Part of it, I’m sure, is that I’m now in my 40s.

Part of it is reminiscences like James Maliszewski’s recent run of entries on his blog, “Grognardia” (start from that date, and go forward from there, he’s done a few), or the always-excellent Space:1970 blog.

I’ve been thinking a lot about the stuff that I *lived for* from roughly Age 8 until my teenage years (when things like music and girls distracted me).

The fire was lit, certainly, by Star Trek re-runs in the early-to-mid 70s. But, like most geeks of my age, the conflagration took off in 1977, with Star Wars, and nothing after that was ever the same.

So yeah — I’ve been thinking a lot about that time, especially the years from 1977 through 1980 — when the first film was all that there was, when the horizon was endless, and the galaxy hadn’t been defined down to the last name and backstory given to every minor walk-on in a scene. Thinking about my imaginative diet at the time — the thing that consumed me, from reading to watching to drawing to playing.
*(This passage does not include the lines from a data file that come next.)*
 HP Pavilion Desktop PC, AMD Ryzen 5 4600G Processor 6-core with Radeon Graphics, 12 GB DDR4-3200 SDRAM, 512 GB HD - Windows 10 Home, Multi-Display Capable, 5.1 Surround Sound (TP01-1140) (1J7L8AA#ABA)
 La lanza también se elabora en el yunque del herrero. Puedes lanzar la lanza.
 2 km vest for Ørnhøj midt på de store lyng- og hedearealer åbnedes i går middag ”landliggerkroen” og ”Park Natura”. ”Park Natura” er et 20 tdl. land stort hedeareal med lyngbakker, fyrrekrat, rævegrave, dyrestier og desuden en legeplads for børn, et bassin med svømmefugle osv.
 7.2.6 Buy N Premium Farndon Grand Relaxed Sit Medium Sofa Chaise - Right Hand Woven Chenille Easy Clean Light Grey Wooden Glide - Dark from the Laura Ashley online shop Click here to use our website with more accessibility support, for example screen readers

I’ve come to the realization that I’m not really a Science Fiction fan.

I’m a fan of SPACE FANTASY.

That actually used to be a branding description for Star Wars — the Marvel comics used to occasionally have a bannerhead that proclaimed “The Greatest Space-Fantasy of All Time!” That terminology eventually faded from view, of course, as Lucas retroactively tried to convince us all that what he was *really* doing all along was a Campbellian Hero-Myth Exploration. Very Serious, you see. Not just a tribute to the far-flung Flash Gordon serials of his youth, when he couldn’t get the License from King Features. No sir.

I love Space Fantasy. I want giant space-cruisers. I want soaring spacefighters wheeling and roaring unscientifically. I want jungle-planets, desert-planets, ice-planets. I want floating cities. I want knights and knaves and princesses and kings and queens and wizards and monsters… But I want them with lasers.
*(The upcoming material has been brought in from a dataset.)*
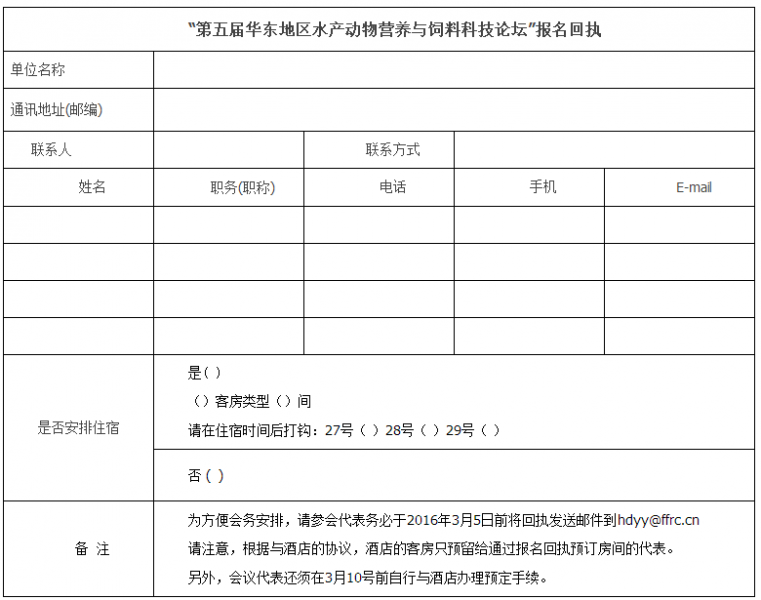 請通過電子郵件(hdyy@ffrc.cn)向會務(wù)組發(fā)送報名回執(zhí)(見附件)的方式進行注冊。會議通知及報告回執(zhí)word版可到淡水漁業(yè)研究中心網(wǎng)站(www.ffrc.cn)上下載。

I want GRAND EPIC HEROISM AND SCALE, not speculation on possibility.

So, dear reader — feed the monkey on my back. I’ve got plenty of filmed entertainment to choose from, but what I’m lacking is stuff to read. What are some of your favorite Space Fantasies?

7 Replies to “The Greatest Space-Fantasy of All Time!”
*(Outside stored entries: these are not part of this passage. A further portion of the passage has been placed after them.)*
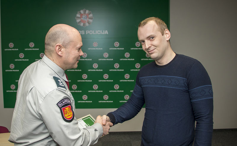 Vyriausiojo policijos komisariato viršininkas už pilietiškumą ir neabejingumą padedant užkirsti kelią nusikalstamumui pareiškė padėką ir įteikė simbolinę dovaną visuomenės atstovui Aleksandrui Jadovui, pranešusiam apie sunkiai girtą vairuotoją ir ją sustabdžiusiam.
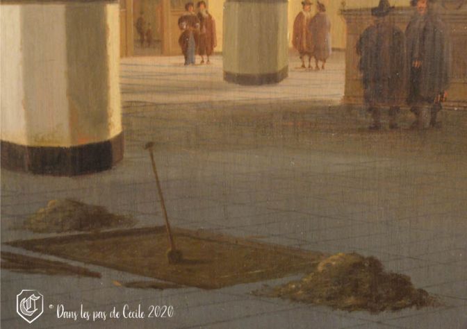 Tout comme les peintres flamands, les hollandais insèrent des scènes de la vie quotidienne et représentent aussi des intérieurs totalement imaginaires. Cela permettant de construire de toutes pièces des espaces pour piéger l’œil, pour que celui-ci aille d’espaces en espaces et d’être constamment surpris par les détails architecturaux représentés.
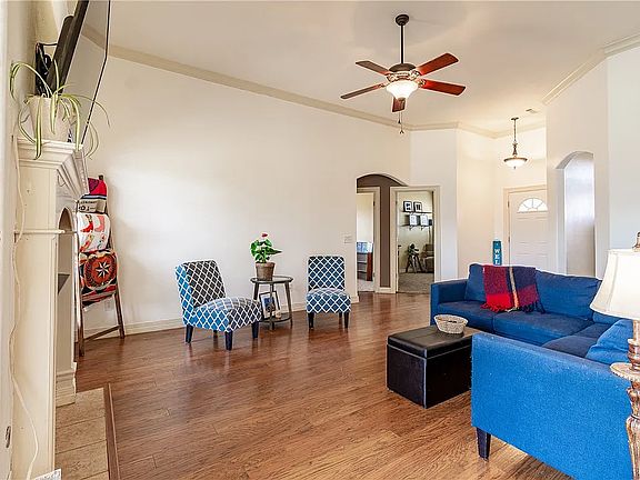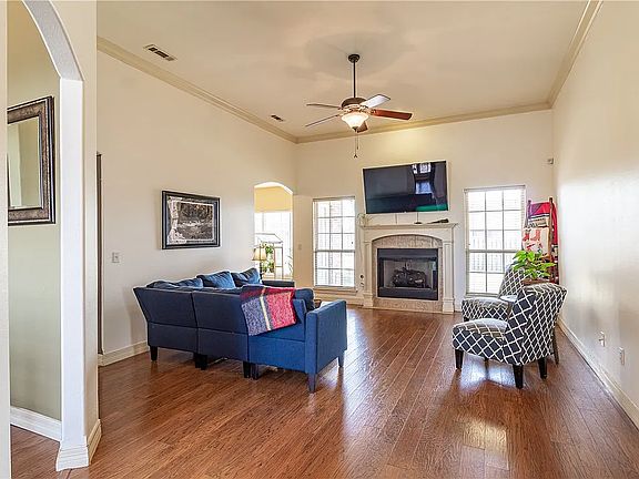 Double garageOutside patioWalk in closetOpen floor planGas fireplacePrivacy fence backyardNatural light dining area

  1. As a fellow fan of widescreen baroque space fantasy, I’m interested to see what titles people throw out there.

    Would you count Dan Simmons’ Hyperion? I only read the first book of the series, but I loved it a whole lot.

  2. Ugh, just wrote a whole thing and got a “time out” message. Grr.

    Short version: 1949 “The Star Kings” by Edmond Hamilton (husband of Leigh Brackett). Reprinted in ’69 and ’70, wasn’t too hard to track down (may even be PD in electronic). Seriously epic space adventure. Good description here: http://bit.ly/cBd7aN

  3. Hello. I’m here via Chuck Wendig. I’m not a big space-fantasy reader, but one writer grabbed hold of my imagination and hasn’t let go. Karin Lowachee’s Warchild series has a strong focus on characters, but she has also built an interesting universe populated by space pirates, aliens, humans, governments, spaceships, and lasers.

  4. I’m going to be running a Space-Fantasy tabletop RPG campaign with modded Feng Shui rules. I can post episodes every 2 weeks if you like…

    If reading my stuff doesn’t slake your thirst, I’d recommend Ender’s Game or The Vorkosigan Saga.

  5. If you can find them (maybe in a used bookstore) check out the Mageworlds series by Debra Doyle & James D. Macdonald. You can still see a couple of rough spots where they filed off the serial numbers but they are a lot of fun.

    Simon Greene’s Deathstalker books might be worth a look. Its Simon Greene so you will get a huge pile of awesome ideas combined with all of his, ah, writing quirks. But they are pure pulpy sci-fantasy with rebellions, weird psychic powers, bizarre characters, space battles, etc.

  6. I’d recommend House of Suns, by Alastair Reynolds. Reynolds has a bit of a rep for writing hard SF, but I think both he and I agree that particular label is probably misapplied (he was, prior to writing SF, a space scientist, thus everything he writes apparently must be hard SF). About a fortnight ago I heard him say of House of Suns that he tried to throw in every bit of wacky SF scenery he could think of — force shields and stasis fields and killer robots and all that malarkey. Fun book.